*What needs to be done:* What is needed is an exact copy of the lines from the start of the records below through the line with "91家纺网 家纺一手货源 找家纺", without the pictures.

(Collected data)
##############################

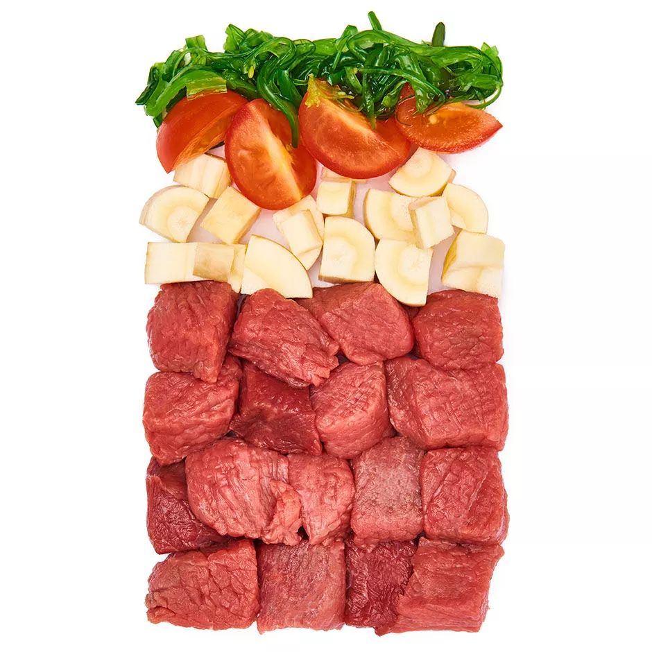- 60 % konského mäsa, veľa čerstvej zeleniny a ovocia
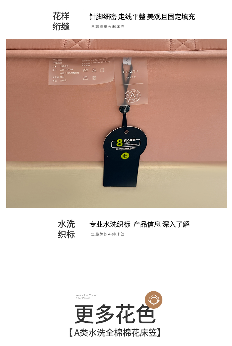 • 91家纺网 家纺一手货源 找家纺 3C 2024新款A类全棉水洗棉棉花床笠 柔密粉-
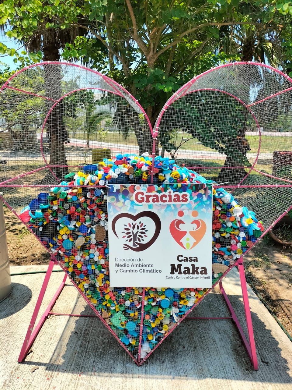 La estructura en forma de corazón se encuentra colocada en el Centro Educativo Ecología Ambiental al interior del parque Bicentenario, donde la ciudadanía puede acudir a depositar las tapas de plástico de botellas de diferentes líquidos, como refresco, agua y jugo, entre otras.
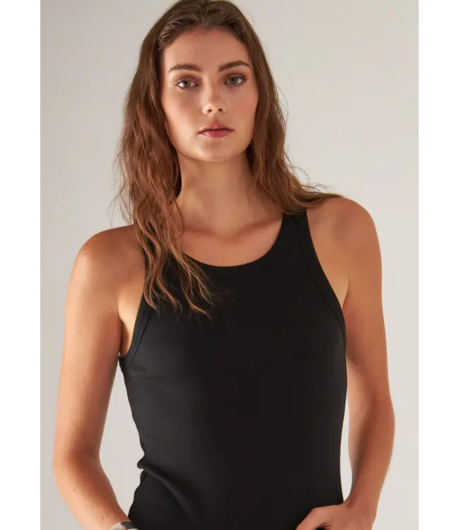 OUR HIGH NECK RIB TANK IS MADE FROM OUR NEW LUXURIOUSLY SOFT PERUVIAN PIMA COTTON-BLEND. THIS ULTRA FLATTERING SILHOUTTE IS DESIGNED FOR A SLIM FIT FEATURING A HIGH CREW NECK AND CURVED STRAPS. STYLE WITH A HIGH-RISE PANT OR YOUR FAVOURITE DENIM FOR AN EFFORTLESSLY CHIC LOOK.
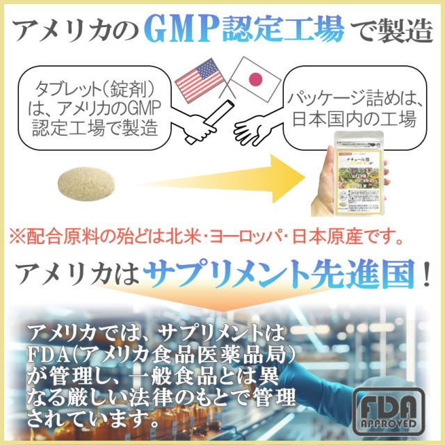 ●ナチュール70のタブレット(錠剤)は、アメリカのGMP認定工場で完成品が製造され、日本国内の専門工場でパッケージ詰めされます。

##############################

*Solution to this exercise:*
- 60 % konského mäsa, veľa čerstvej zeleniny a ovocia
 • 91家纺网 家纺一手货源 找家纺 3C 2024新款A类全棉水洗棉棉花床笠 柔密粉-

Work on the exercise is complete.